* **What to produce**: Output each line of the listing exactly, though pictures are not to appear.

* **Given data**:
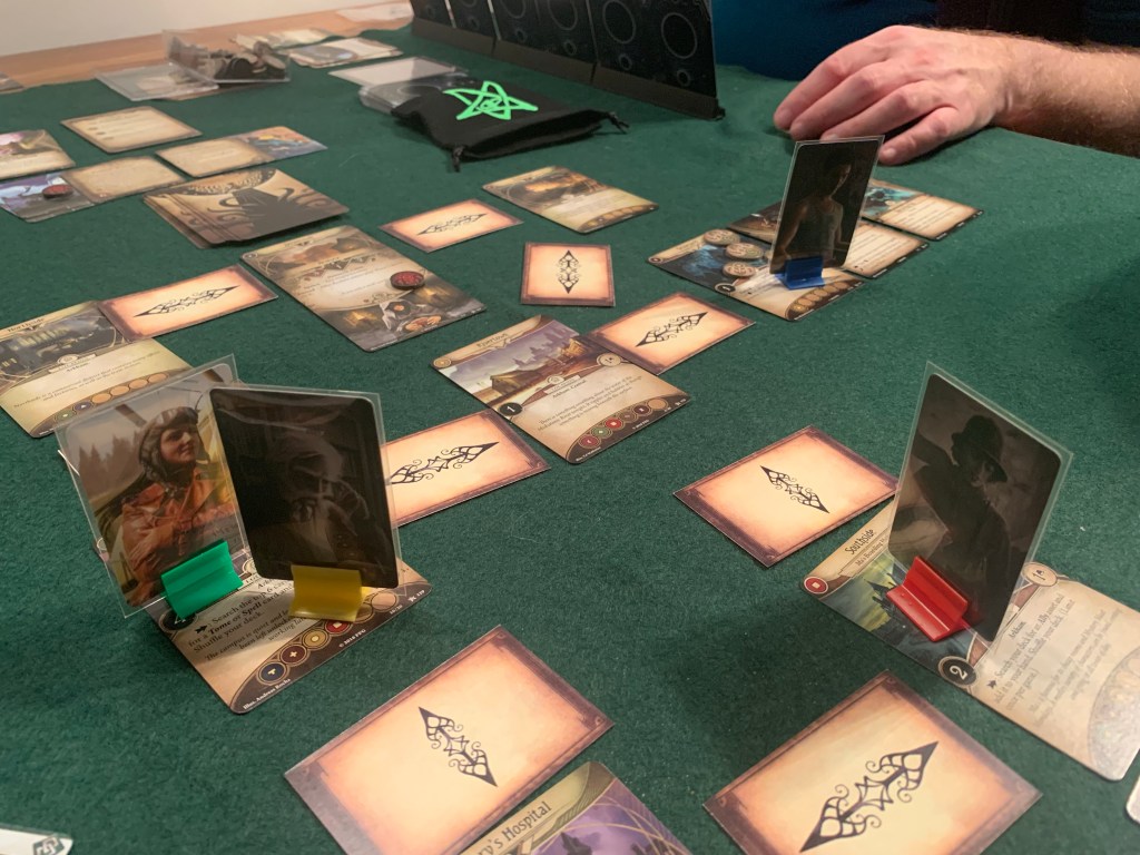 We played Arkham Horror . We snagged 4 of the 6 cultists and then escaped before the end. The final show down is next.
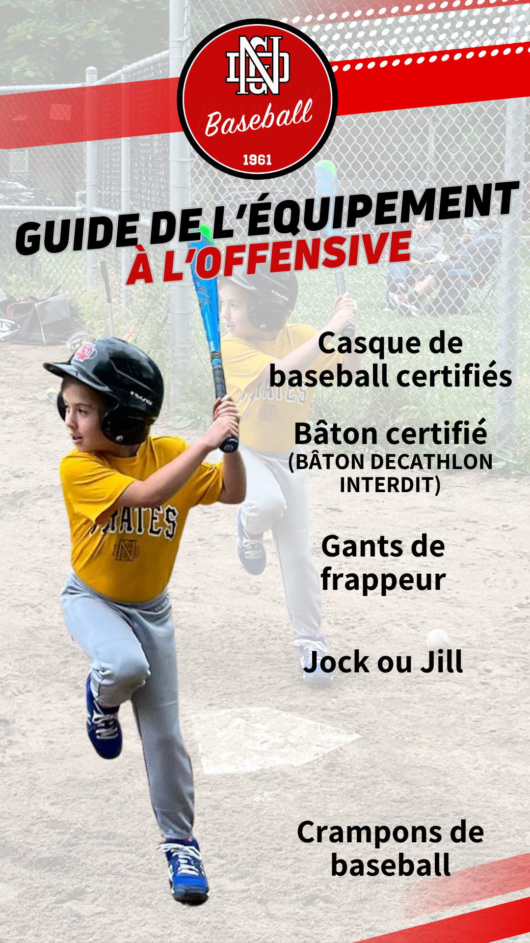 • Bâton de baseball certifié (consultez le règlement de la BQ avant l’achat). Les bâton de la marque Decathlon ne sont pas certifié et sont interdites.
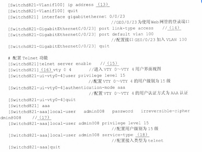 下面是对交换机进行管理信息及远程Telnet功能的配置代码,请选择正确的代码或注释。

* **Response area**:
 We played Arkham Horror . We snagged 4 of the 6 cultists and then escaped before the end. The final show down is next.
 • Bâton de baseball certifié (consultez le règlement de la BQ avant l’achat). Les bâton de la marque Decathlon ne sont pas certifié et sont interdites.
 下面是对交换机进行管理信息及远程Telnet功能的配置代码,请选择正确的代码或注释。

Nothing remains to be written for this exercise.